The median OS was 21.4 months for patients randomised to KEYTRUDA along with ipilimumab as against 21.9 months for patients randomised to KEYTRUDA monotherapy.

Furthermore, the median PFS was 8.2 months for patients in the combination group, as against 8.4 months for patients in the KEYTRUDA monotherapy group.

Merck Research Laboratories senior vice-president and head of global clinical development, chief medical officer Dr Roy Baynes said: “As a leader in lung cancer, we are pursuing a broad clinical programme to better understand the potential of KEYTRUDA-based combinations to improve survival outcomes for patients with this devastating disease.

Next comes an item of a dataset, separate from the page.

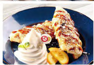
カラメルブリュレ
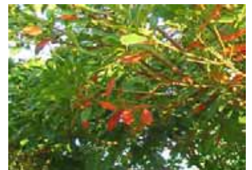
ホルトノキ ホルトノキ科 常緑高木

“KEYNOTE-598 is the first head-to-head study designed to answer the question of whether combining KEYTRUDA with ipilimumab provided additional clinical benefits beyond treatment with KEYTRUDA alone in certain patients with metastatic non-small cell lung cancer. The results are clear, the combination did not add clinical benefit but did add toxicity.”

The results were presented in the Presidential Symposium at the IASLC 2020 World Conference on Lung Cancer hosted by the International Association for the Study of Lung Cancer.

As announced in November 2020, the trial was discontinued given the futility based on the recommendation of an independent Data Monitoring Committee (DMC).

KEYNOTE-598 is a randomised, double-blind, Phase 3 trial intended to analyse KEYTRUDA along with ipilimumab as against KEYTRUDA monotherapy as a first-line treatment. The study had enrolled 568 patients.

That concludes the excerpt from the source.